Canadian Natural's profit more than doubles as energy prices surge
Aug 4 (Reuters) - Canadian Natural Resources Ltd (CNQ.TO)on Thursday reported quarterly profit more than doubled and announced a special dividend of C$1.50 a share, as crude prices soared on tighter energy supplies due to the Ukraine conflict.
The Calgary-based company also increased its 2022 capital spending and production guidance, echoing a similar move by rival Canadian producer Cenovus Energy (CVE.TO) last week.
Oil prices have scaled multi-year highs this year as Western sanctions against major exporter Russia squeeze an already under-supplied market.

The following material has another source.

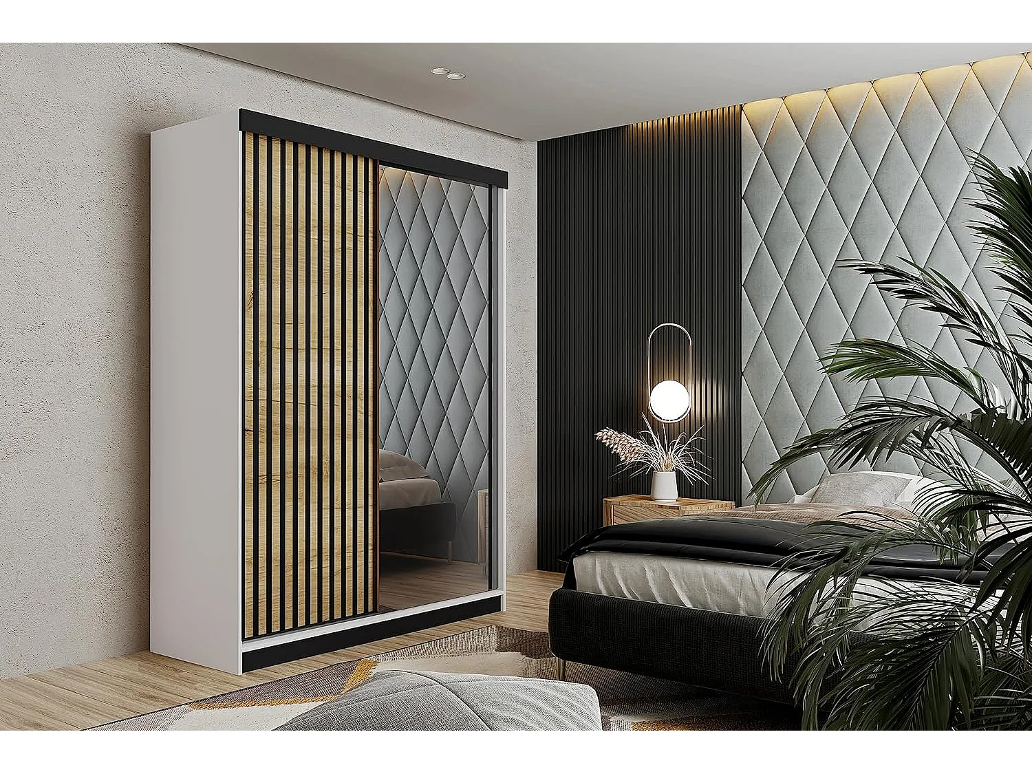 Armoire coulissante avec miroir et lames MALANI 138 - Blanche + Chêne Craft Doré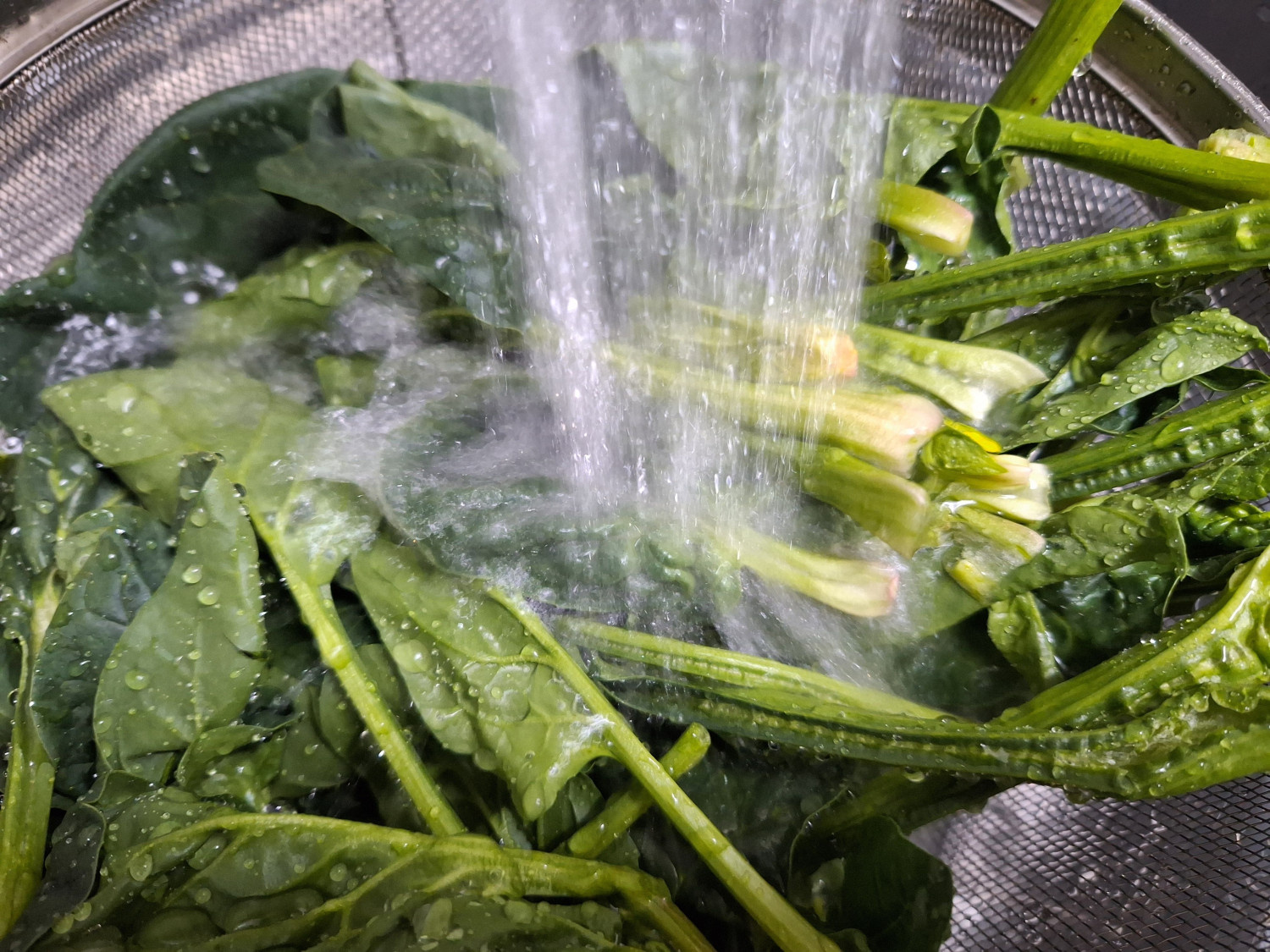시금치는 뿌리를 제거하고 깨끗하게 씻어줍니다.

Brent crude, the global benchmark, was last trading at over $96 a barrel, having surged to more than $120 a barrel during the second quarter.
Canadian Natural said its average realized price for oil rose 88.3% to C$115.26 per barrel in the April-June quarter.
The company updated its 2022 capital budget to C$4.9 billion ($3.8 billion) from C$4.3 billion, in part due to inflationary pressures but also to grow production.
"A big part of spending is tied to backfilling the drilling program, which has been doing a great job of managing costs," Canadian Natural President Tim McKay said in an interview.
2022 production will rise 1-2% from its previous forecast to 1.295 million-1.335 million barrels of oil equivalent (boepd), and upped its 2023 and 2025 output forecasts by 40,000 boepd and 96,000 boepd, respectively.
"We view the results and updates positively given the increased capital program was largely expected by the Street," said BMO Capital Markets analyst Randy Ollenberger.
Still, Canadian Natural shares were down 0.6% at C$65.48 on the Toronto Stock Exchange, amid a broader selloff in energy stocks.
Second-quarter production stood at 1.2 million boepd, slightly above last year's 1.1 million boepd.
The company posted net earnings of C$3.5 billion ($2.72 billion), or C$3 per share, for the second quarter ended June 30, compared with C$1.55 billion or C$1.30 per share, a year earlier.